Ein Mann hatte bei der Kantonalen Staatsanwaltschaft für Besondere Aufgaben des Kantons Bern eine Strafanzeige eingereicht. Die Staatsanwaltschaft entschied im April 2025, keine Untersuchung zu eröffnen. Der Mann akzeptierte dies nicht und zog den Fall ans Berner Obergericht weiter.

Das Obergericht wies seine Eingabe im Februar 2026 ab, soweit es überhaupt darauf eintrat. Daraufhin gelangte der Mann ans Bundesgericht und verlangte, dass die Sache doch noch untersucht werde.

Das Bundesgericht trat auf die Eingabe nicht ein. Der Grund: Um eine solche Beschwerde einreichen zu dürfen, muss eine Person einen eigenen zivilrechtlichen Anspruch geltend machen können – also etwa Schadenersatz oder eine andere Forderung gegenüber der beschuldigten Partei.
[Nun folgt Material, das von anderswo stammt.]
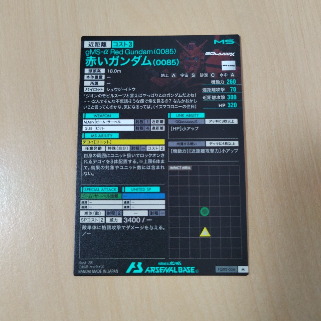 ガンダムアーセナルベース、Mレア、赤いガンダム(0085)の出品となります。未使用品です。排出後、スリーブに入れて保管していますが初期キズなど気になさる方はご遠慮ください。配送料金は梱包代込みで全国一律、120円とさせていただきます。他の出品との同梱は対応いたします。ノークレム、ノーリターンにてお願いいたします。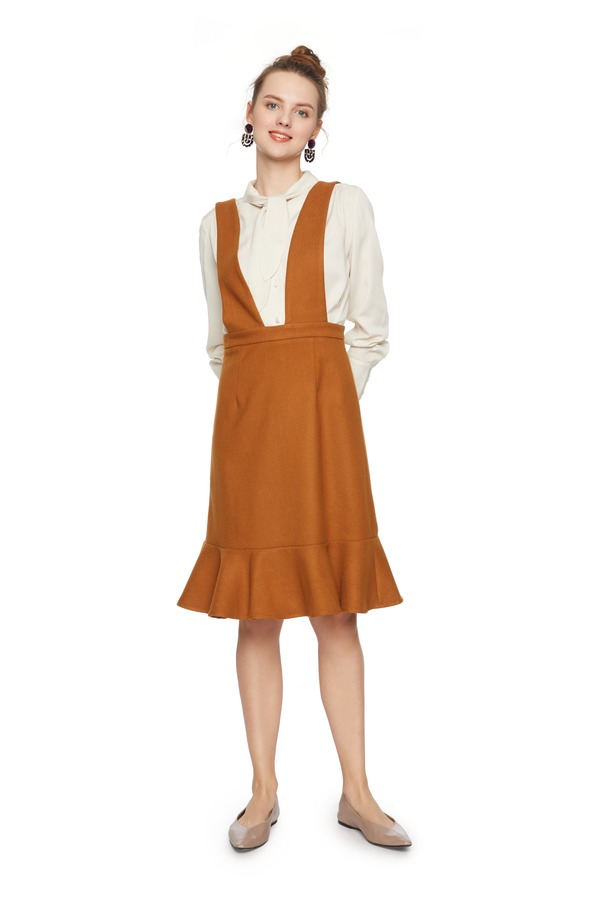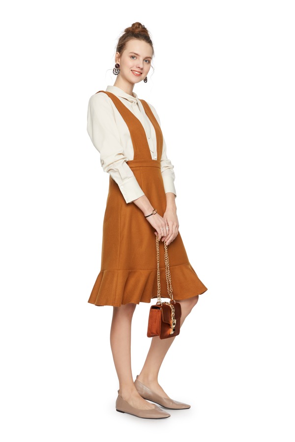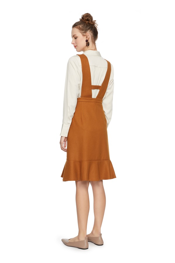 HAYES 荷叶摆棕色背带裙 5446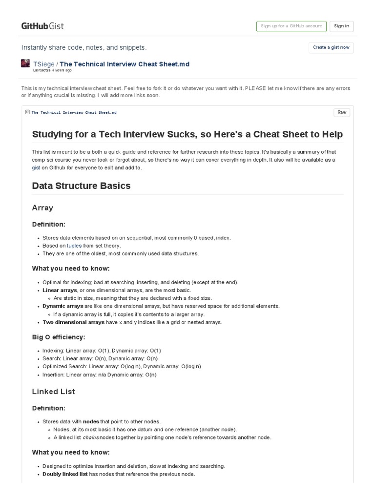Technical Interview Preparation Cheat Sheet.. This will save a lot of
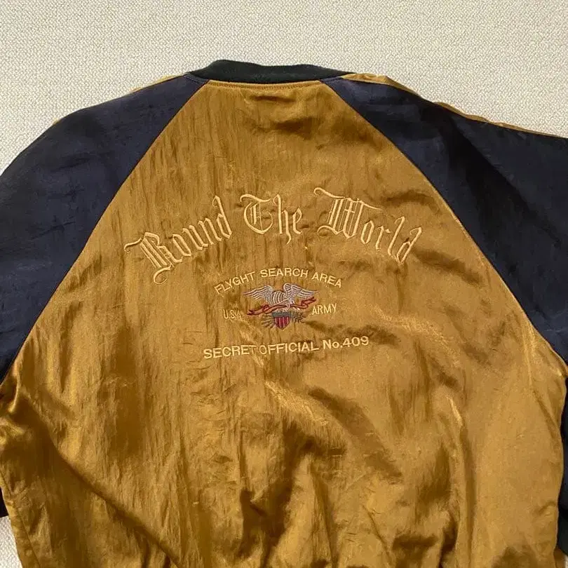 새틴 소재의 골드 컬러와 블랙 봄버 자켓, 뒷면에 자수가 놓여 있습니다. - 디자인: 골드 컬러와 블랙 배색, 뒷면에 자수 있음 - 스타일: 봄버 자켓 스타일 - 소재: 새틴 소재 - 특징: 지퍼 있음, 리브 니트 소매와 밑단 방문해 주셔서 감사합니다. 사이즈 - FREE SIZE #빈티지 #스카잔

Ein solcher Anspruch stand dem Mann im vorliegenden Fall nicht zu, weshalb er rechtlich nicht berechtigt war, das Verfahren weiterzuziehen.

Die Richter entschieden im vereinfachten Verfahren und beschränkten ihre Begründung auf das Wesentliche. Die Gerichtskosten von 500 Franken wurden dem Mann auferlegt.

Das Bundesgericht hat das Orginalurteil am 07. May 2026 publiziert.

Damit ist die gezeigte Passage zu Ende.